Especially when using a template for your website, you’ll often find that pages have a default URL link filled with numbers, letters and question marks. For obvious reasons, these URLs are not user-friendly. You’re not likely to get a user remembering the web page they are looking for, and in addition those URLs just don’t look good. When you’re creating your website, rename all your pages to reflect the content of that page. Keep it short and memorable. If you’re creating a blog post for example, and the title of your post is long, just pick out the keywords and remove all the unnecessary small words. Use hyphens to separate each word, and keep each URL at a maximum of 4 or 5 words. That way, when readers come to your site, it’s easier for them to find and share your page in the future.

Add descriptions to images on your site

The alt text on an image is a good place to write descriptive text that could include a keyword or two. Since Google can’t crawl images, this is a good way to tell Google what your image is about and how it relates to your content. You can add a caption to an image for added benefit too.
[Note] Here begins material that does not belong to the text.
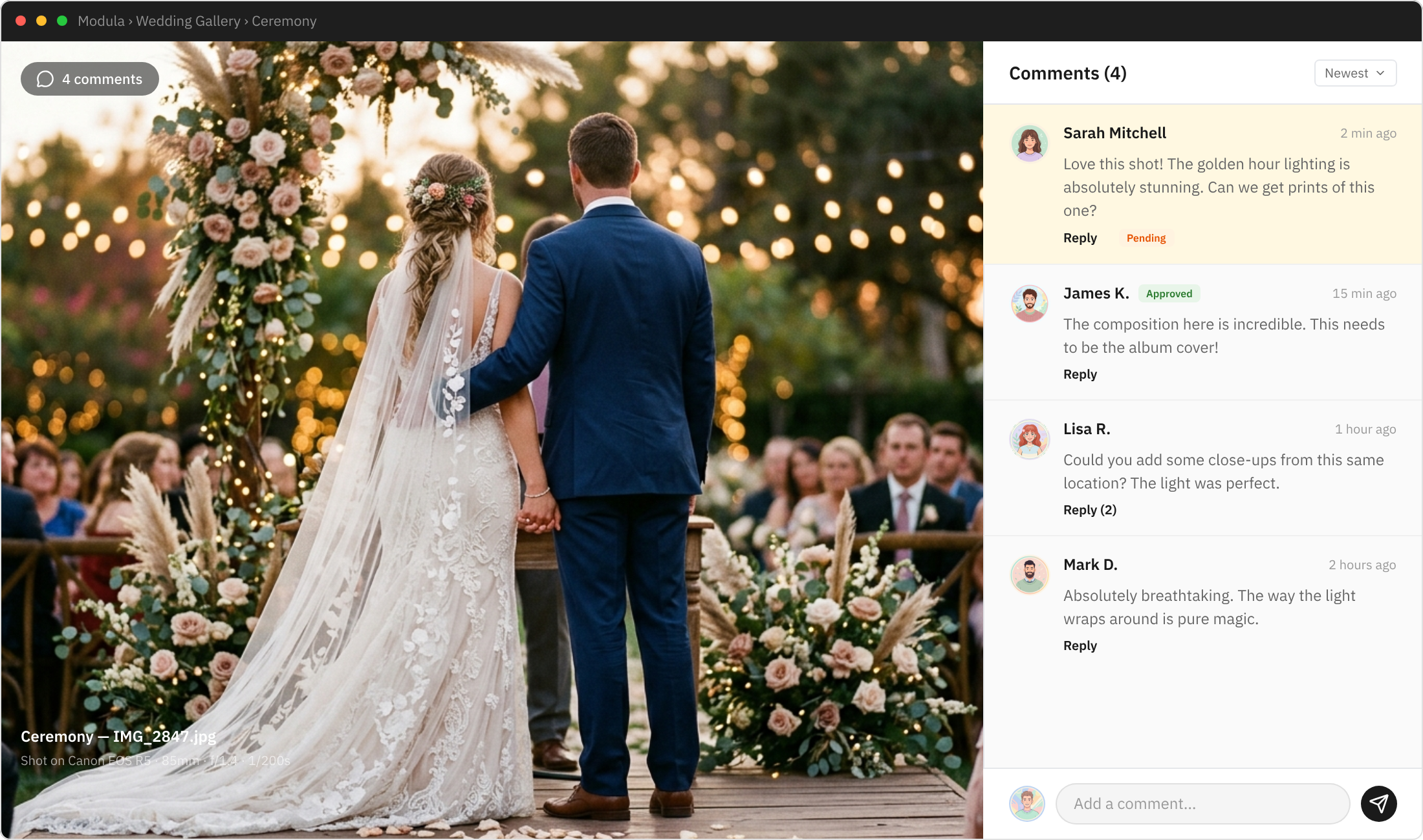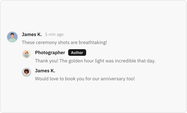 Visitors can leave comments on specific images, not just the gallery page. Every photo becomes its own focused conversation thread.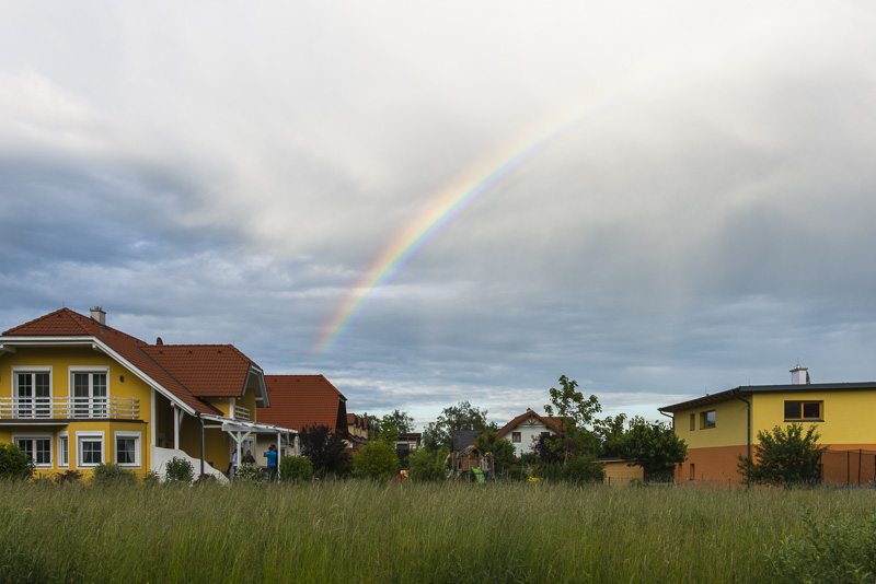 30.5.2014: Nach dem Heimkommen am Abend ein Anruf von Hansjürgen Pietsch: "Schau mal raus, was für ein schöner Regenbogen". Hansjürgen und Karin Pietsch sind bei einer Kinderparty und haben dies von der Terrasse aus gesehen.

So, for those of you setting out with a new website or looking to improve an existing one, all the above are great places to start. Just remember: it’s 90% about great website content! Optimising your website with good titles, descriptions, memorable URLs and image text certainly help. But once you’ve got interesting and relevant content, the links, sharing and great visibility of your website will follow… and you’ll be sending a clear message to the search engines that your website deserves to be seen!

We won’t sugar-coat it; SEO is time-consuming and requires hard work and effort. You need to be persistent and patient, as the results take time. If you’re feeling completely overwhelmed with jobs and tasks to improve your website, you can call us for help with SEO, web content, or just advice on where to start.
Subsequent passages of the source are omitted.